▶ Your goal:
Each line in the material below, starting at the one with "杨其纪老师结合自身写作经验和" and ending at the one with "राजकीय महिला महाविद्यालय", is to be reproduced exactly; no picture is to be copied.

▶ Information shown:
▽

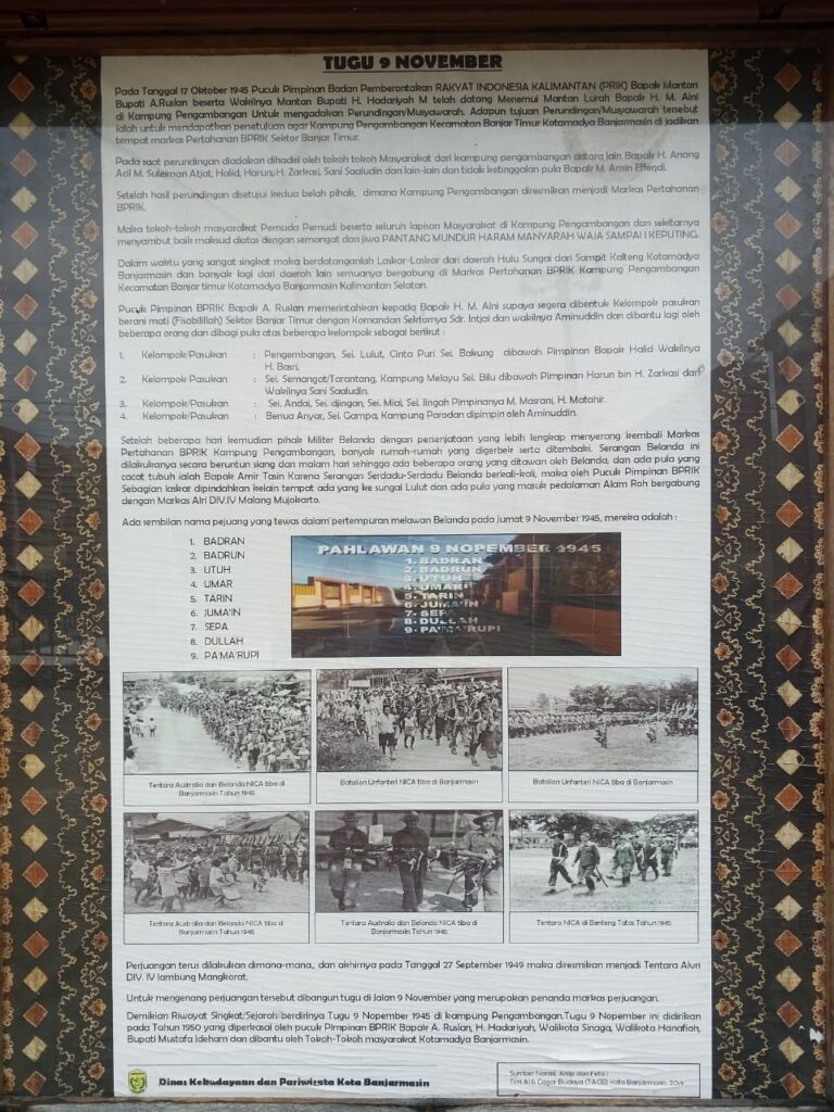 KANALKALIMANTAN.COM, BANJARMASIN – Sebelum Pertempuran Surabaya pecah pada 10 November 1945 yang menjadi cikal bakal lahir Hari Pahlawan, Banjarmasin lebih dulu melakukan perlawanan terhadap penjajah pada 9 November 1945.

△
▽

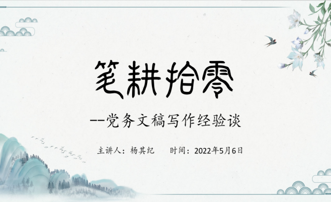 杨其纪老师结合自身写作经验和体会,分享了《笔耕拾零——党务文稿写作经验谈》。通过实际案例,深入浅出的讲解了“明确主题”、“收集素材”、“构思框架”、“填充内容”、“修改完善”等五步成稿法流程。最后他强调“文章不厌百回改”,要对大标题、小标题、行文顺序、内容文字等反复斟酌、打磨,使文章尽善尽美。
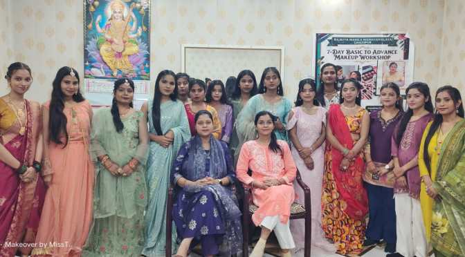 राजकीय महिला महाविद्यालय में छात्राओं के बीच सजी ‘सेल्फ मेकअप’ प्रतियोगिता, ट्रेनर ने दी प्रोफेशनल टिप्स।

△

▶ Answer to this exercise:
 杨其纪老师结合自身写作经验和体会,分享了《笔耕拾零——党务文稿写作经验谈》。通过实际案例,深入浅出的讲解了“明确主题”、“收集素材”、“构思框架”、“填充内容”、“修改完善”等五步成稿法流程。最后他强调“文章不厌百回改”,要对大标题、小标题、行文顺序、内容文字等反复斟酌、打磨,使文章尽善尽美。
 राजकीय महिला महाविद्यालय में छात्राओं के बीच सजी ‘सेल्फ मेकअप’ प्रतियोगिता, ट्रेनर ने दी प्रोफेशनल टिप्स।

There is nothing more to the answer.